▶ _What is required_: Nothing but an exact copy is asked for: the lines in the material below from the one with "Oriental Parade buildings" through the one with "Plate 10: Thatch roof used as roof covering.", pictures excluded.

▶ _Available records_:
- Opening Delimiter -
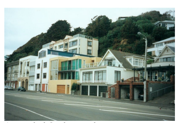
A strongly defined street edge

Oriental Parade buildings present a positive "public face" to the street. Balconies, bay windows and pedestrian entrances are common features of existing building frontages.
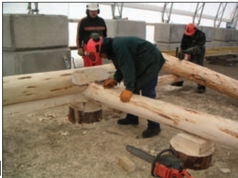
Log Building course at CNC

BL ComFor has also been heavily involved in the financing and construction of Burns Lake's new First Nation's interpretive centre. This centre, located at the junction of Highway 16 and Sixth Avenue, will feature information relating to the history and culture of local First Nations.
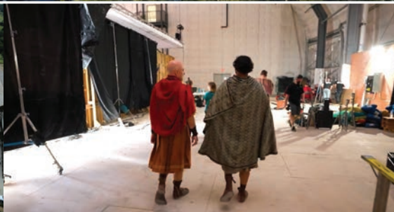
Wardrobe & makeup area
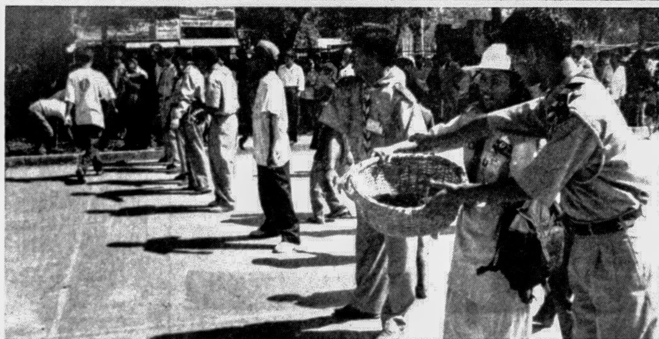
Rover Scouts participating in the 'Save Dhaka Clean Dhaka Campaign' at the Rotary Cancer Detection Centre at Mohakhali in the city yesterday.
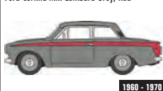
76COR1008 DUE Q1/2018 Ford Cortina MkI Lombard Grey/Red
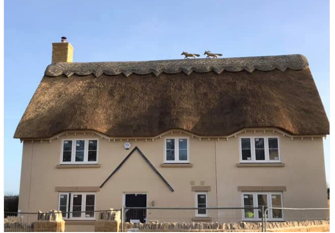
Plate 10: Thatch roof used as roof covering.
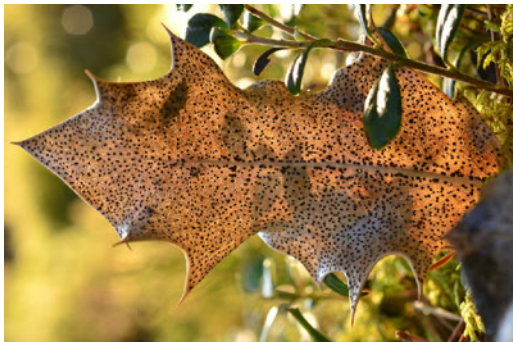
Holly Speckle Trochila ilicina .

This fungus only grows on dead (brown) leaves of Holly. Its appearance varies depending on the state of maturity, but it is easily recognised from the distinct fine (<1mm diameter) dark speckling on the upper side of the leaf only. The speckles (spore-producing structures) are first closed, then open by a lid to expose the olive spore-mass, and finally appear as dry black, shiny depressions in the leaf, with a slightly raised lip.
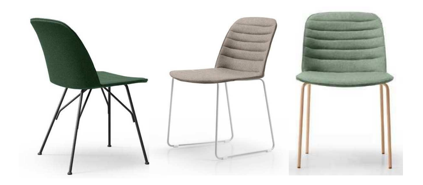
{\tt COVER\_Single\ polypropylene\ shell\ completely\ upholstered}

STRIPES _ Single polypropylene shell completely upholstered
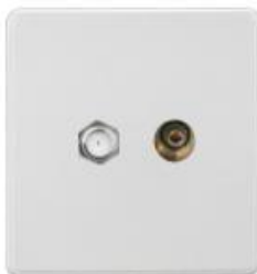
Satellite and TV socket
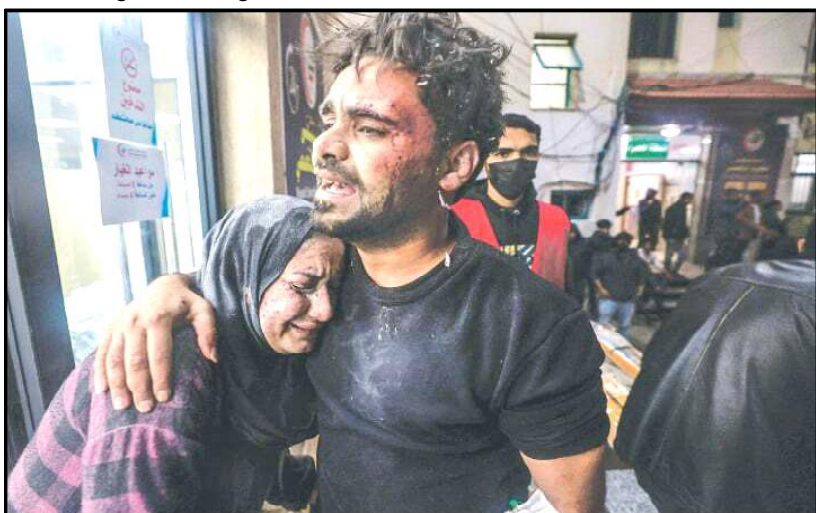
RAFAH: An injured Palestinian man comforts a relative outside the Kuwait hospital, in the southern Gaza Strip, following an Israeli army strike that left at least 20 dead and 55 wounded
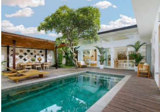
The Suar Sanur, 3-Bedrooms
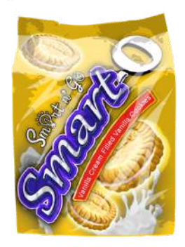
Smart-O Vanilla Cream Filled Vanilla Cookies
- Closing Delimiter -
▶ _Solution to this task_:
Oriental Parade buildings present a positive "public face" to the street. Balconies, bay windows and pedestrian entrances are common features of existing building frontages.
Log Building course at CNC

BL ComFor has also been heavily involved in the financing and construction of Burns Lake's new First Nation's interpretive centre. This centre, located at the junction of Highway 16 and Sixth Avenue, will feature information relating to the history and culture of local First Nations.
Wardrobe & makeup area
Rover Scouts participating in the 'Save Dhaka Clean Dhaka Campaign' at the Rotary Cancer Detection Centre at Mohakhali in the city yesterday.
76COR1008 DUE Q1/2018 Ford Cortina MkI Lombard Grey/Red
Plate 10: Thatch roof used as roof covering.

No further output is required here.